Head lice appeared among the children, both Indian and French, and were fought by careful inspection and removal and drenches of steeped herbs. The dogs disappeared from the alleyways into the cooking pots. Then it rained for three days, washing refuse through the village, which ran into the wells, and afterward a fever broke out among the people spreading faster than a windswept fire. But it was the low levels of those wells and the swiftly emptying pots in the storehouse that caused the council to he held.
Everyone in the village knew it. Elise attended with the rest but sat well out of hearing range. It seemed best not to draw too much attention to herself; the Natchez blamed the French women and children for causing the fever that had forced so many of their number to take to their benches, as they blamed them for so many diseases and with good reason. Elise wished that she could be close enough to hear Reynaud, for she knew he was to speak. But she depended on word of mouth, filtering back through the crowd, to tell her what was said.

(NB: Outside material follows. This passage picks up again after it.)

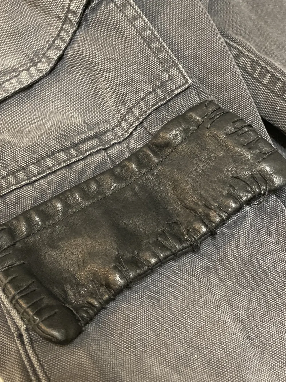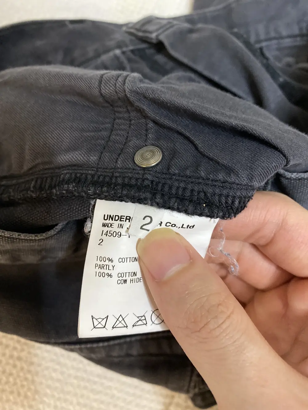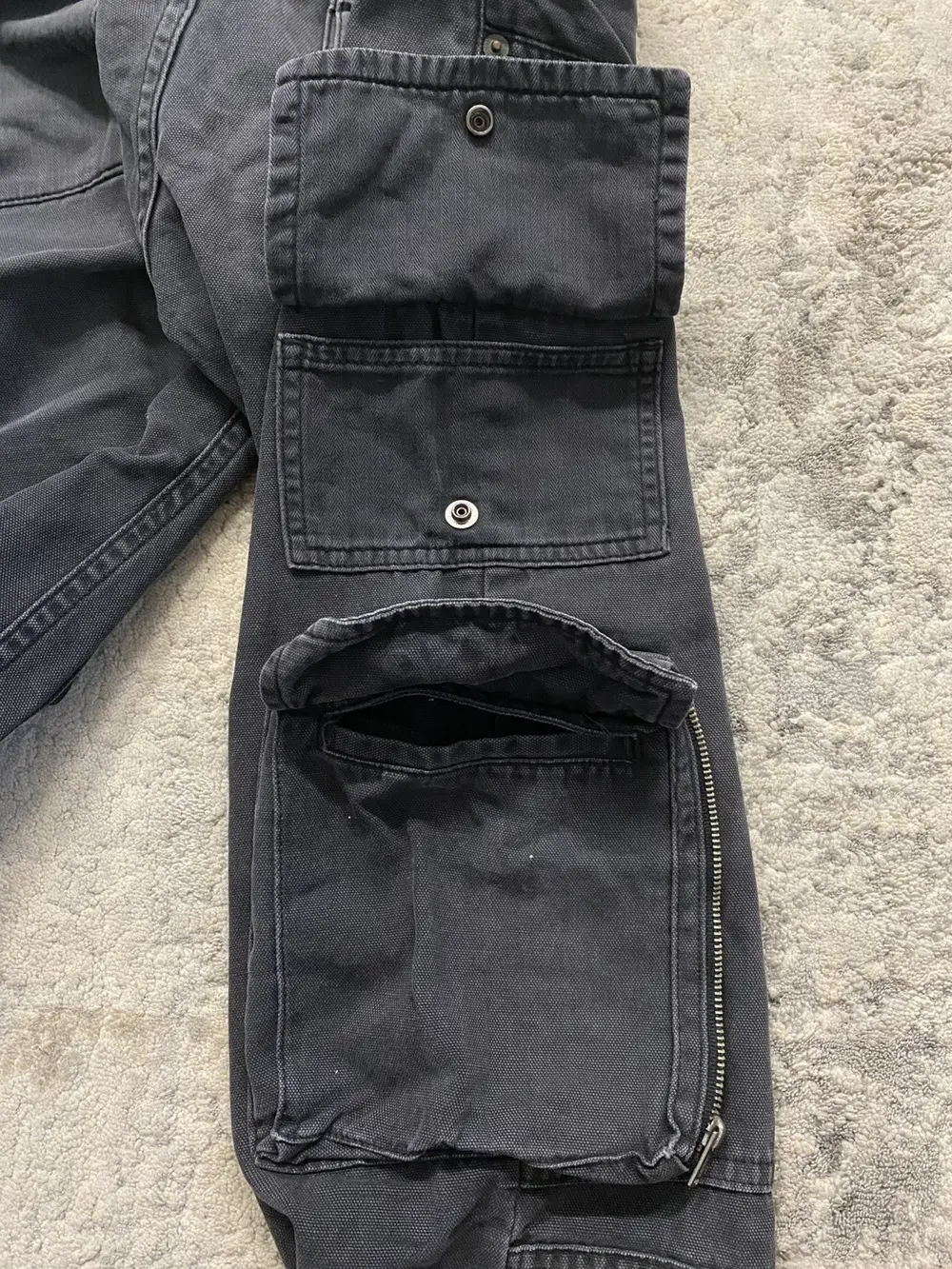 Boasting a riveted thigh panel and a mix of snap-button and zipper pockets—one adorned with a stitched leather flap—these pants fuse gritty DIY punk vibes with rugged, functional design. Undercover branded buttons and zippers can be found throughout the pant. A button is missing from the back pocket and a few paint marks on the legs. (pictured)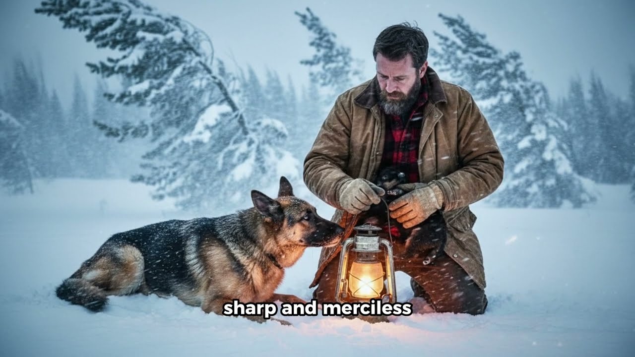 A whimper. Daniel froze. He raised his lantern and stepped into the wind, scanning the drifting snow. [music] At first, he saw nothing. Then a shape appeared, small, trembling, dragging [music] itself through the snow. A German Shepherd, barely alive. Her fur clung to her bones. Ice hanging from her belly like shards of glass.

His voice, deep and rich as he spoke the flowing Natchez tongue with its many courtesies and sonorous phrasing, came to her. It struck a chord deep inside so that she listened to its timbre without thought for the meaning of the words, without trying to see him above the others. She had heard his voice in laughter and in passion and in love, and she would never forget the sound of it, never. How much she owed him and how little he had been repaid. But she had such memories as few women ever knew, such sweet, vital memories. She would hold them to her when she was old, taking them out one by one, holding them to the light to admire their flash and color. That first night on the trail when he had stood naked in the rain. The time she had seen him cast in silver with the moonlight on the bayou and had joined him there in the water. That evening of lavender-gray twilight when they had made love in the woods. The dusky afternoon when he had stolen her as his wife. A handful of memories. Her only regret was that there were not more.